Time to turn off the news. If you must listen, try this exercise out, switch outlets every now and then and take note of how the news is relative to the bias of the speaker on a given topic and consider what their interest or expertise actually is. It’s the end of the year, take the time over the last two months of the year to start planning ahead and developing your 2022 strategy.
SPOILER ALERT: We’re going to tell you the news coverage for the next month. Here it comes, you’ve been warned:
Inflation keeps rising
Christmas isn’t cancelled
Retail sales accelerate
Federal Budget chaos will ensue and all will be resolved
How do we know? This story plays out every year like groundhog day. It is unrealistic to even consider the US government defaulting on its debt, and more so after a pandemic. Can you imagine the degree of insanity that it would entail? The global “risk-free rate” defaulting. Nonetheless, the media won’t be able to resist themselves from that 3-week old banana. All these things are just for you to consume rather than think, and who doesn’t love a dystopian alternative? Lately news outlets resemble Hollywood productions more than actual information.

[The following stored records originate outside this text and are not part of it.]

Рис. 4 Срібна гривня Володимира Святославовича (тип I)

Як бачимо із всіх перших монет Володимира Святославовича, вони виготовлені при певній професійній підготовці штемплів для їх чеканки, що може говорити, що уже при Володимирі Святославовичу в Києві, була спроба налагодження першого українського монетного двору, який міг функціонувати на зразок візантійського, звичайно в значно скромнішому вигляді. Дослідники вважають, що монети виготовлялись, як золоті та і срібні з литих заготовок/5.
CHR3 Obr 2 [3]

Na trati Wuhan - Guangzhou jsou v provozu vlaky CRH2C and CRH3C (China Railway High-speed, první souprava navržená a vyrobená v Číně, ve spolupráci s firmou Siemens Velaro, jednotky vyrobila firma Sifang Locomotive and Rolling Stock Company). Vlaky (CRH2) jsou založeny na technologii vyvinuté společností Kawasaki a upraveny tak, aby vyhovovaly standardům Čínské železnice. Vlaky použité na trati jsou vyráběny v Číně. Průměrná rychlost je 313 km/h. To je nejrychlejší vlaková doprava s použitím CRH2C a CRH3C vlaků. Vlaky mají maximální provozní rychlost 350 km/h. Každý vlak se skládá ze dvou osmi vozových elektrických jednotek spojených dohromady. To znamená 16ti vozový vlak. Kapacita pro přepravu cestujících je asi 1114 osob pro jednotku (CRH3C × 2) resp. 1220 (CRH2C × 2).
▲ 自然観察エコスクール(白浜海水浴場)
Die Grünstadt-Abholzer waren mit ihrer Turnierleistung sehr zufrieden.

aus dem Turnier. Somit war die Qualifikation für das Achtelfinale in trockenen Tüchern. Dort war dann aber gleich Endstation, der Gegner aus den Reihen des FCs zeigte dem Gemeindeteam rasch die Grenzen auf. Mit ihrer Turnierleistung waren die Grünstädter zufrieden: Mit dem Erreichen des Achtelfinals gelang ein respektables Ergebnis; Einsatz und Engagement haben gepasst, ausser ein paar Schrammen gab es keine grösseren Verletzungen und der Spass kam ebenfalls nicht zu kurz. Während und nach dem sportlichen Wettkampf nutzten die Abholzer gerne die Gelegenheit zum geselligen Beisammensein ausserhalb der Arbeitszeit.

Plan and stay informed. Q4 is typically a good time to build on positions with the incoming Santa Claus Rally right around the corner. Make sure you know why you invested in your positions and start evaluating your portfolio. Are your positions still attractive for the reasons you bought them? While the new year doesn’t mean anything to money and the markets, it is a time that retail investors reevaluate life and their goals. Take advantage of the retail rotation to make a plan for 2022. Consider consolidating into your stronger positions and leaving room to jump on 2022 trends.

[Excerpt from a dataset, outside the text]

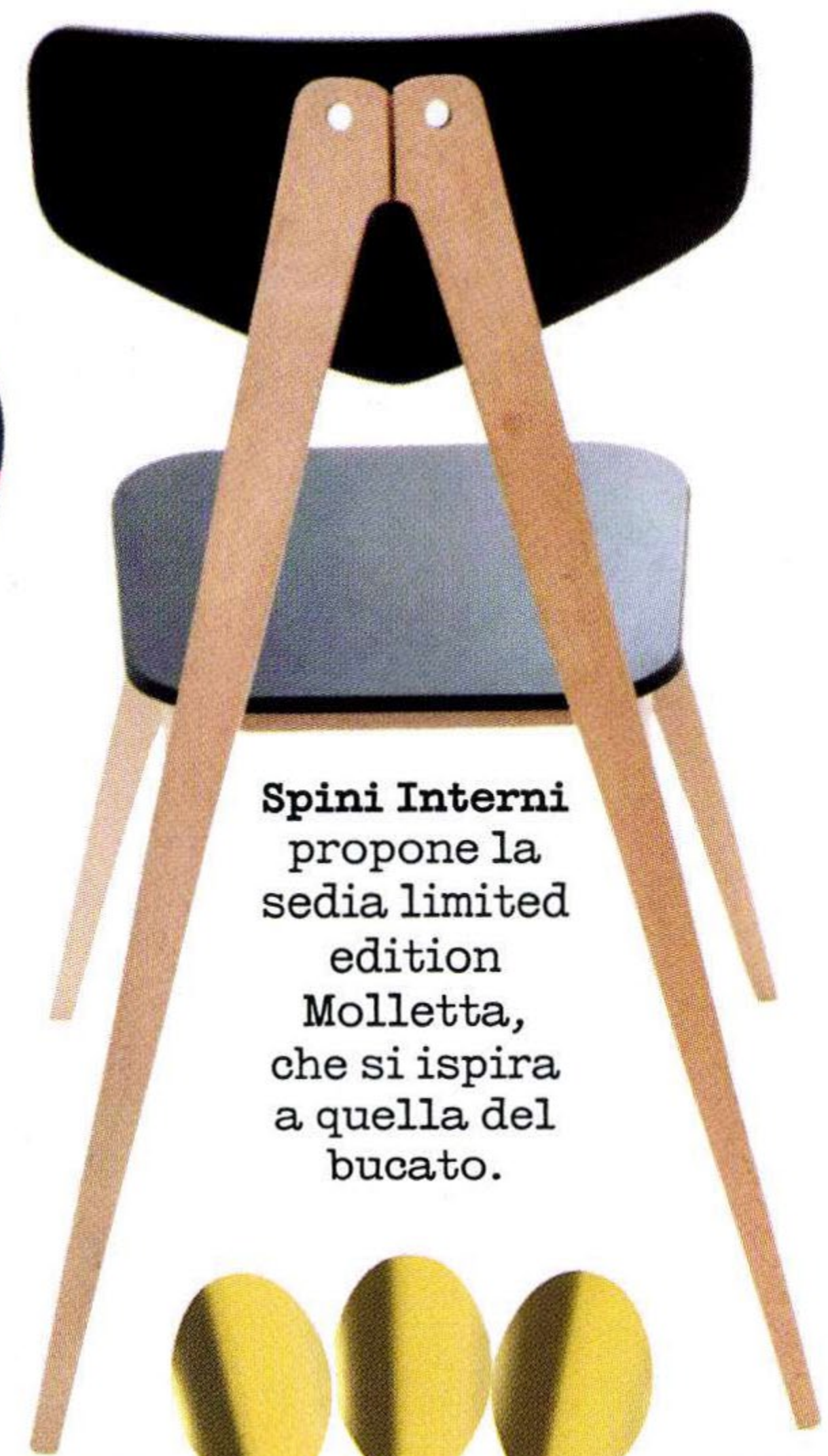
Spini Interni propone la sedia limited edition Molletta, che si ispira a quella del bucato.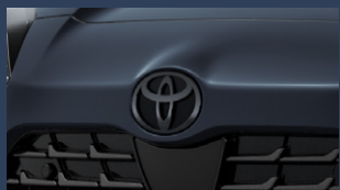
▶トヨタマーク (ブラック/フロント・リヤ)

Keep an eye on the economy
Retail Sales: With the holiday season approaching, retail sales are a decent gauge for economic performance across cyclical and hospitality sectors; key drivers of the US economy. Estimates suggest an acceleration in sales (1.1% vs 0.7% in September), and third consecutive month of growth, driven by the stronger economic outlook, and despite the low economic sentiment
Monday: Chinese retail sales, industrial production, Bank of England speech
Tuesday: US retail sales, Fed speech, UK unemployment rate, Eurozone GDP data
Wednesday: UK CPI, PPI, Eurozone financial stability report, US housing data, Fed speeches
Thursday: Eurozone CPI, US jobless claims
Friday: UK consumer confidence, retail sales, ECB speech and Fed speeches
A question from our readers:
What we’re vibing:
Hot Ones by First We Feast. Albeit not the deepest or funniest show on earth, Hot Ones is in its 16th season combining two of the 21st century’s hottest commodities: spicy food and celebrity interviews. The questions are actually insightful, and watching famous people struggle with spice is quite humanizing (and hilarious). A guilty pleasure of ours we wanted to share with y’all.

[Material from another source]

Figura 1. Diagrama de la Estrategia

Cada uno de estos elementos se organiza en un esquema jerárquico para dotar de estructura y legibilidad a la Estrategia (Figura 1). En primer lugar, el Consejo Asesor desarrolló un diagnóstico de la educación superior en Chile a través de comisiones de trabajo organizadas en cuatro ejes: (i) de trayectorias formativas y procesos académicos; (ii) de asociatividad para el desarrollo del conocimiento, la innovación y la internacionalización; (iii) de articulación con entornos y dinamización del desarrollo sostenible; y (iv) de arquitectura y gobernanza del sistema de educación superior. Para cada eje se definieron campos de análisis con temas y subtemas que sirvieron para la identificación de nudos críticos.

The Predators’ Ball by Connie Bruck. An insightful financial literature/history book named after the infamous Drexel Burnham Lambert annual conventions in the late 70s. This book covers the emergence of junk bonds, raiders and the story behind some of the most savage hostile takeovers through the use of junk bonds and the private setup of leveraged buyouts. Quite telling of the time, and an incredible read for those into geeking out on finlit.
This writing is for informational purposes only and the author/s undertake/s no obligation to update this article even if the opinions expressed change. It does not constitute an offer to sell, a solicitation to buy, or a recommendation regarding any securities transaction. It also does not offer to provide advisory or other services in any jurisdiction. The information contained in this writing should not be construed as financial or investment advice on any subject matter. The author/s expressly disclaims all liability in respect to actions taken based on any or all of the information on this writing.